The same "Vigilante-style Hacker," who previously hacked more than 10,000 routers to make them more secure, has once again made headlines by compromising more than 70,000 home routers and apparently forcing their owners to make them secure against flaws and weak passwords.
Just like the infamous hacking group Lizard Squad, the group of white hat hackers, dubbed the White Team, is building up a sizeable botnet consisting of hundreds of thousands of home routers, but for a good purpose.
Lizard Squad, the same group responsible for Sony PlayStation Network and Microsoft Xbox Live outages, uses their botnets to launch DDoS (Distributed Denial of Service) attacks against target websites to flood them with traffic and knock them offline.

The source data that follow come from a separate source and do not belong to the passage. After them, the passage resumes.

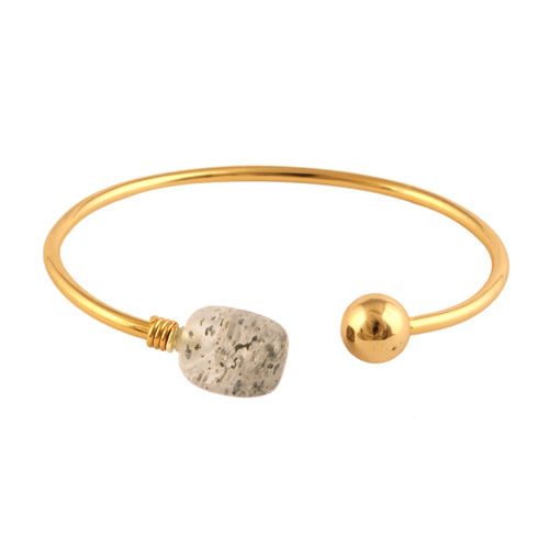 Venta al por mayor de brazalete personalizable de cuarzo punto natural ajustable Latón chapado en oro brazalete de piedras preciosas en forma de caída moda
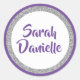 Redonda Pegatina de Favor del Nombre Púrpura y Plata Purpu
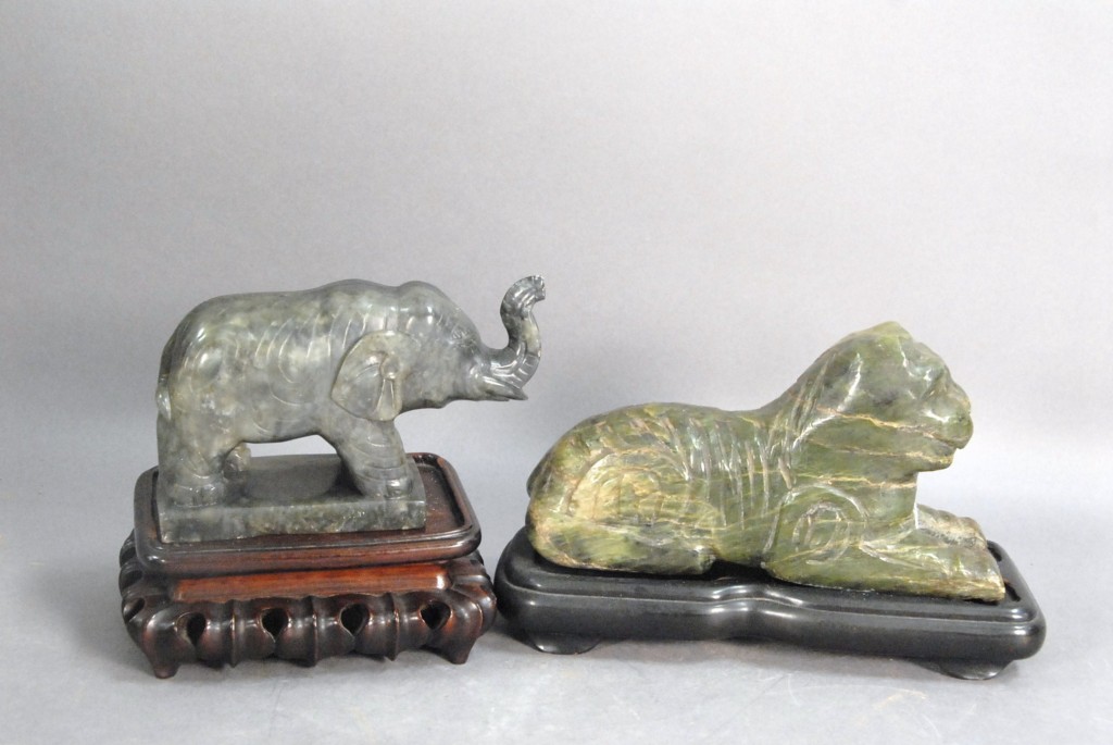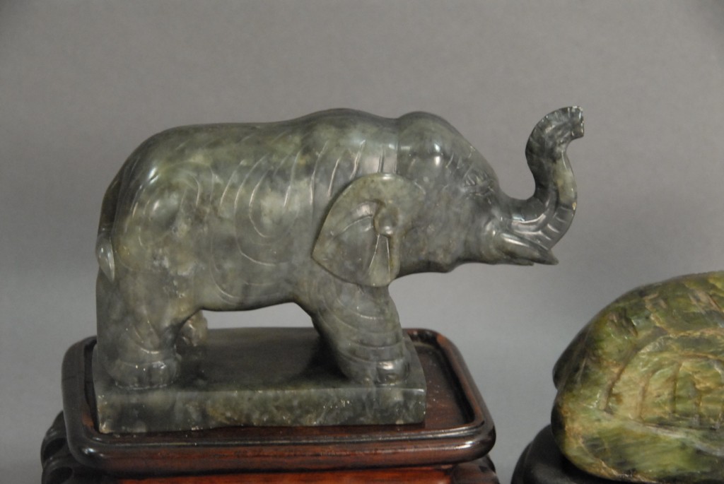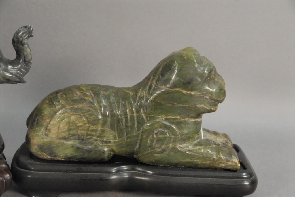 Three piece lot Celadon jade foo dog covered urn, in baluster form with foo dog head and ring handles, and foo dog finial on the cover, ht 6 and Two carved hardstone pieces to include a carved elephant and wooden base, ht of elephant 4, along with a carved laying dog, ht 4 1/2 lg. 8.
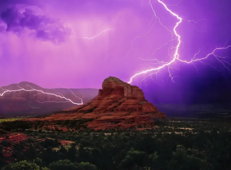 Över ett landskap av röda klippor och låg vegetation sprider sig ett oväder. Blixtar slår ner med full kraft och himlen är upplyst i lila toner.
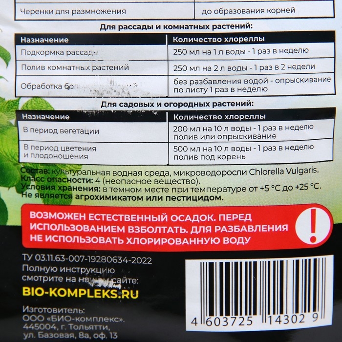 Суспензия хлореллы биостимулятор БИО-комплекс, 5 л
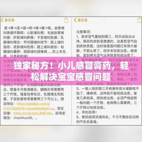 小儿感冒膏药独家秘方是一种针对小儿感冒的中医治疗方法,该秘方采用天然草本成分,独特配方,易于吸收,安全性高,在使用前,请咨询专业医生,了解孩子的身体状况是否适合使用,在使用过程中,注意观察孩子的病情变化,如有异常,请及时就医,希望该秘方能够帮助广大家长解决小儿感冒的问题,让孩子健康成长。
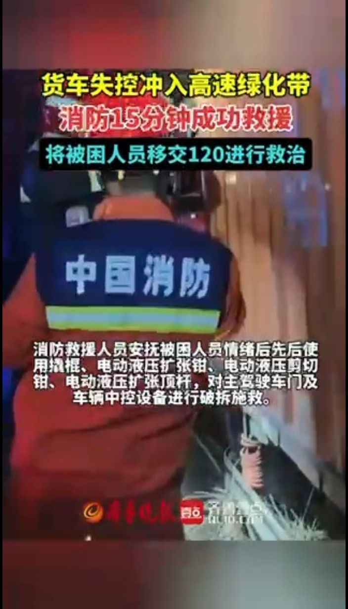 果然视频丨货车失控冲入高速绿化带 消防成功救援齐鲁晚报·齐鲁壹点客户端 15:41原创近日,位于青兰高速灵珠山收费口往济南方向,一辆厢式货车不慎冲进高速旁边绿化带内,有人被困,急需救援。消防救援人员安抚被困人员情绪后,先后使用撬棍、电动液压扩张钳、电动液压剪切钳、电动液压扩张顶杆,对主驾驶车门及车辆中控设备进行破拆施救,经过15分钟紧张破拆,被困人员被成功救出并移交120进行救治。 (齐鲁晚报·齐鲁壹点记者 张晓鹏 )
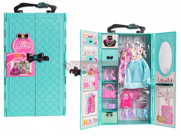 Garderoba, szafa z ubrankami i akcesoriami, 3 sukienki, 3 pary butów, 2 torebki
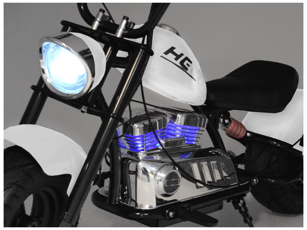 A motorkerékpárt a kormánymarkolaton található gombbal lehet beindítani. Indítás után valósághű motorhang hallható. Gombok találhatók a zene elindításához, a hangerő beállításához és a lejátszott dalok közötti váltáshoz is. A kormányon USB bemenet található, amelynek köszönhetően lejátszhatod kedvenc zenéidet. Zenelejátszás közben a motorkerékpár hengerei színes LED-es fényekkel villognak a zene ritmusában.
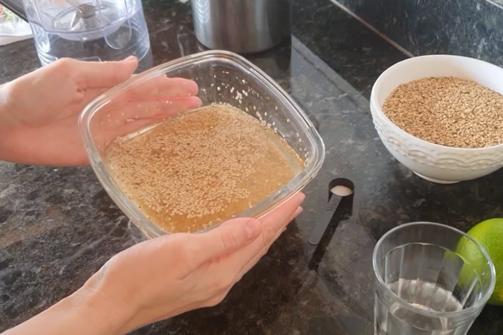 Deixe o gergelim de molho em água filtrada por pelo menos 8 horas ou durante a noite. Isso ajuda na digestão e deixa o creme mais liso. Depois, escorra e enxágue.
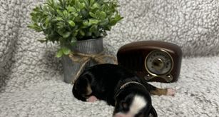 Our puppies are tri-color. Colors will vary depending on the parent dogs.
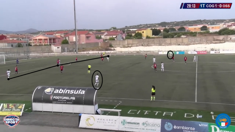 Nel corso del primo tempo l’Ossese ha via via preso campo, schiacciando il Coghinas nella propria metà campo: i terzini Arca e Sanna sono stati sempre costantemente nella metà campo avversaria, “spingendo” gli esterni ad assumere le funzioni di vere e proprie ali offensive.
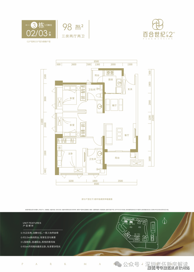 百合世纪广场,位于深圳市龙岗区布吉街道惠康路与翔鸽路交汇处,地处布吉核心板块百鸽笼片区,紧邻罗湖布心,是连接龙岗与罗湖的枢纽区域。项目北侧为万科红生活区,南侧毗邻荔山公园,直线1公里内覆盖求水山公园、围岭山公园等生态资源。这次准备推售百合世纪广场二期(B-02地块),总占地面积约3.6万㎡,总建筑面积约27.03万㎡,计容建筑面积约19.38万㎡,共由3栋7个单元组成,总高是31-48层的住宅,其中1栋1单元住宅42F,1栋2单元住宅47F,2栋1单元住宅46F,2栋4/5单元住宅48F,3栋1/2单元住宅31F,另外2栋2单元公寓30F,2栋3单元商务办公楼22F,4栋是1所九班制幼儿园。
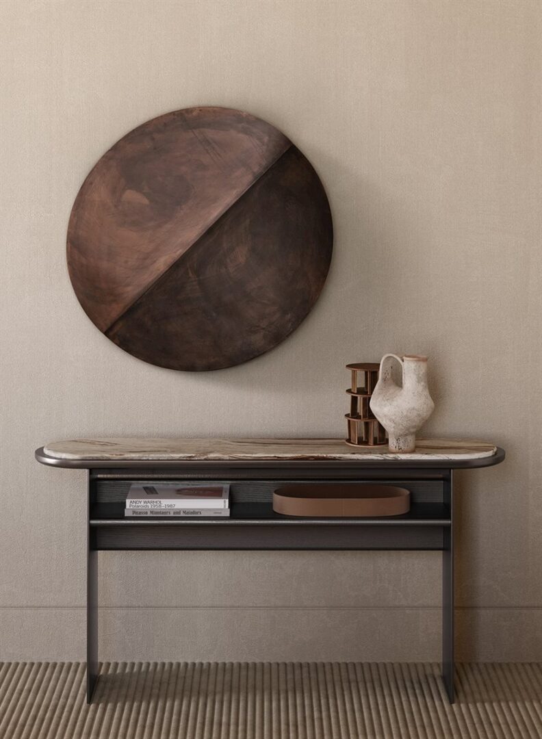 Консоль с металлическим каркасом и лакированной деревянной столешницей «deep black». Полка и спинка из ясеня, окрашенного в черный цвет. Доступна версия с металлическим каркасом и деревянной столешницей с матовым лаком «песок Нила». Полка и спинка из ясеня, окрашенного в» чистый » белый цвет с открытыми порами.
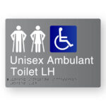 Production Method: BrailleFace – Using our patented BrailleFace production method, each Braille sign will be formed from a single piece of metal creating a compliant continuous face, soft to touch Braille Tactile Sign with no parts adhered to the surface of the sign in any way. As a result, the signs construction will deter vandalism & the sign face has no joins to harbour bacteria. Each Braille sign is made from a single sheet of satin 2pac grey aluminium with the text and/or figures printed white.
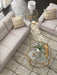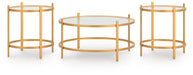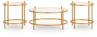 Details | Includes coffee table and 2 end tables, Made with tubular steel frame, Durable metallic goldtone powder coat finish, Inset tempered glass top | |
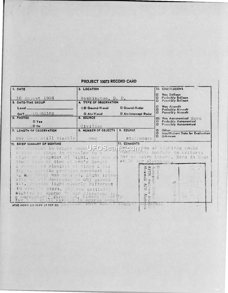 Project 10073 Record Card — Washington, D.C., 10 August 1956
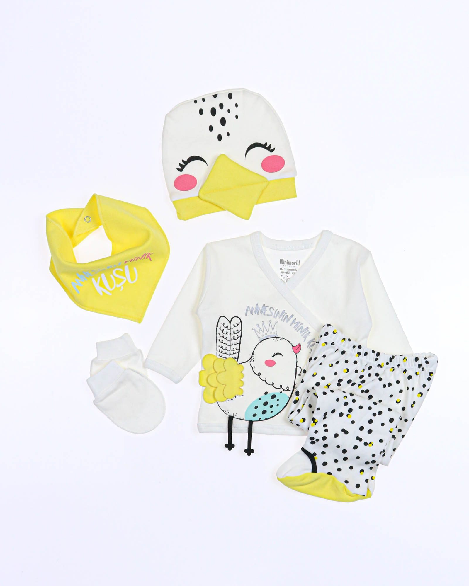 Детский комплект для новорожденного ребенка из 5 предметов, упакован в красивую подарочную коробку с прозрачным окошком. В комплект входит : распашонка, рукавички-царапки, слюнявчик, ползунки и шапочка. Комплект  отлично подходит  для первого подарка.

Hacking Routers to Make them More Secure
Challenged by Lizard Squad's maliocus work, the White Team of vigilante hackers built their own peer-to-peer botnet that infects routers to close off vulnerabilities, such as:
- Weak default passwords
- DNS poisoning
- Unauthorised access (backdoor)
- Disabled firewalls
Their malware, dubbed "Linux.Wifatch" a.k.a "Wifatch" that has been used by the team since last year continues to be updated and has been open-sourced on Github.
The malware, first discovered in November 2014 by an independent malware researcher "Loot Myself" and analysed by Symantec last year, now includes more programs to remove other malicious software and backdoors already on the system.
The White Team has access to around 70,000 devices, according to Symantec, who is continuously watching over the team's botnet.
Good Malware to Fight Bad Malware
Lizard Squad sizable botnet contained somewhere between 120,000 and 150,000 bots, a Lizard spokesperson told Forbes, claiming that their botnet includes not just home routers and PCs, but smart refrigerators, smart TVs and other smart home devices as well.
The White Team aims at hacking and protecting between 150,000 and 200,000 devices from Lizard Squad attacks, thereby removing the rogue gang from people's homes.
However, the team of vigilante hackers face some hurdles, especially when working with the Wifatch malware, which is often too big to install on smaller routers.
"The goal is to use (most) of the 60,000 nodes we have to connect to the hundreds of thousands of boxes that are too small for our normal disinfector and disinfect them remotely," the hacker collective told the publication over encrypted email.
Since there are so many vulnerable devices that can be hacked with little or no effort, these vigilante hackers aren't answer to this widespread problem. They can only help minimize the issue.
The White Team is not the only team of vigilante hackers trying to secure the Internet. Just last week, a hacker replaced a malware with antivirus software. An anonymous hacker was found replacing Dridex, the most active banking malware, with the copies of Avira security software.